Student Post On Food Scarcity

The Emerging Politics of Food Scarcity

by Hue Chen

Not only are we facing a crisis of exploitation and depletion of the limited resources and other various environmental problems, we face another troubling concern, worldwide food shortages. As a world, we are consuming more than we can produce. Lester R. Brown highlights this issue in chapter five of World on the Edge: How to Prevent Environmental and Economic Collapse about the consequences we face politically in the face of food scarcity. Universally, we are faced with some levels of food shortages and with food prices soaring, and inevitable costs follow along.

As our population is rapidly increasing, we are consuming more grain-intensive livestock products which include wheat, rice, corn and soybeans. The limited supply of production and huge demand of these foods causes food prices to soar, not just in the local areas of where they are produced, but worldwide. Brown writes, “Between early 2007 and 2008, world wheat, rice, corn and soybean prices climbed to roughly triple their historical levels (59).” The tremendous climb of prices introduced a national concern and call for food security. Soaring food prices affect the world, however, low-income areas and families are hit the hardest and as a result, it introduces violence which involves food riots, fights, arrests and even death.

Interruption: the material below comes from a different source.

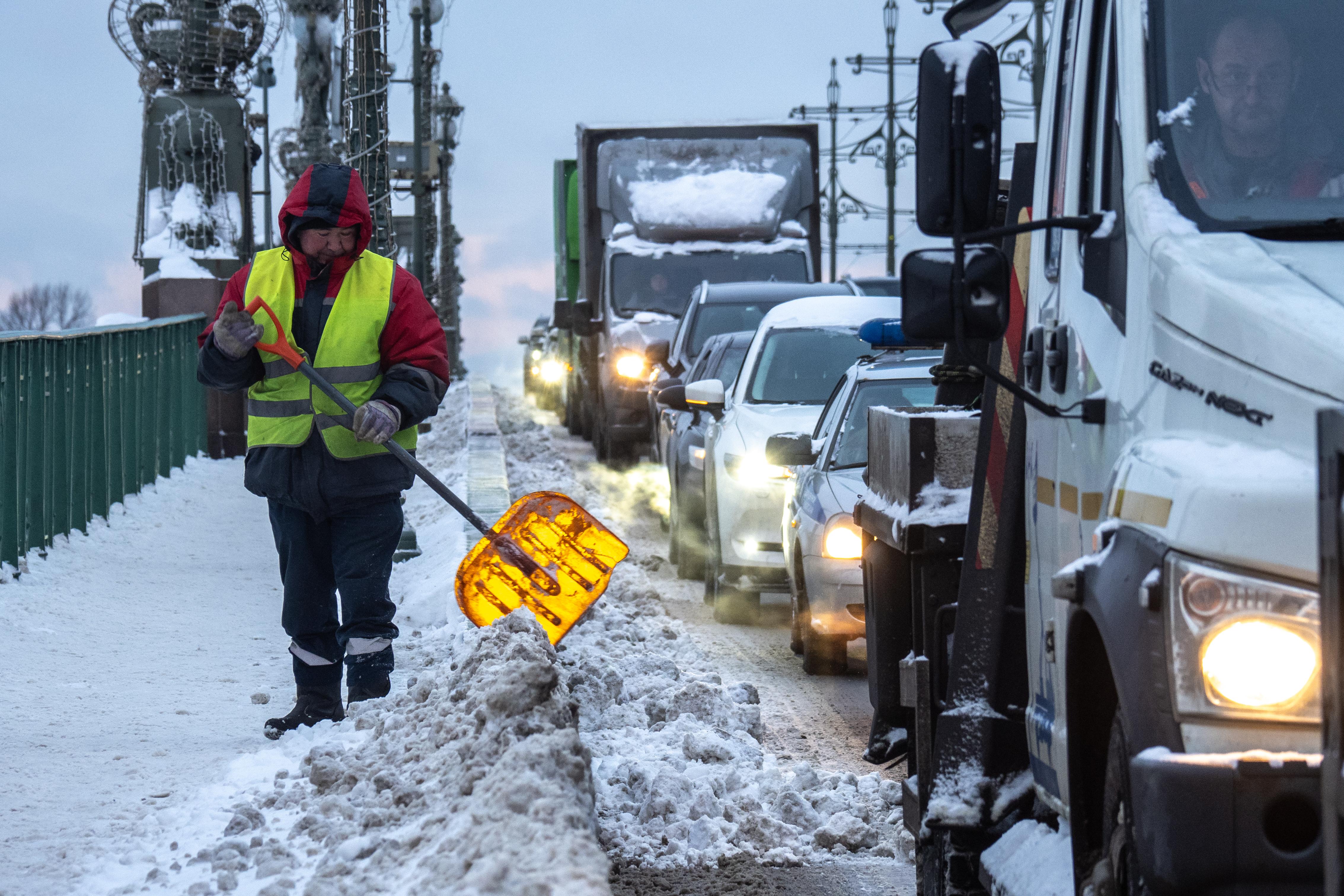 Пятикилометровая пробка на М-4 «Дон» образовалась из-за ремонта и снегопадов.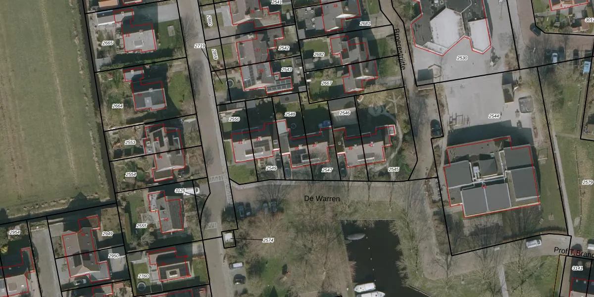 Het perceel waarop De Warren 35 staat heeft een oppervlakte van 269 m². Dit is een middelgroot perceel. De perceeloppervlakte wordt geregistreerd door het Kadaster. Gedetailleerde informatie over de maten van dit perceel kunt u vinden in het rapport Kadastrale kaart met maatvoering van De Warren 35.

Politics has a tremendously disturbing and negative impact on food shortage. Brown highlights the extreme measures we go to in order to expand production rapidly enough to keep up with demand. This includes some countries having to go to the extent of leasing or purchasing land abroad in order to produce foods for themselves, such as, grain and wheat, livestock and poultry feed and corn. Poorer countries, such as Ethiopia and Sudan, face the immense pressure of selling their land due to chronic hunger, meanwhile wealthy countries view them as “land grabs (63)” and in the long run, as Brown describes it, a “lucrative investment opportunity (64).” Many problems and questions rise to the surface with these land acquisitions, and a primary unease is where these lands are obtained, especially in areas where the natural land and habitats for many species would have to be destroyed just for meeting certain food demands. Brown displays this powerful image in the text, “land investments taking place in countries like Indonesia, Brazil, and the DRC are a disturbing dimension, because expanding cropland in these areas would mean clearing tropical rainforests that sequester carbon” (66). The major concern we don’t wish to face with clearing any plot of land, especially tropical rainforests, is the rise of global carbon emissions, which in return will further disrupt and contribute to the increase of climate change.

Food scarcity is one of the copious environmental problems our world faces, amongst soil erosion, aquifer depletion, crop-shrinking heat waves, melting ice sheets, melting mountain glaciers and diversion of irrigation water to cities. This power struggle for food security is dangerously emerging with not just the soaring food prices, but at the very price of the poor.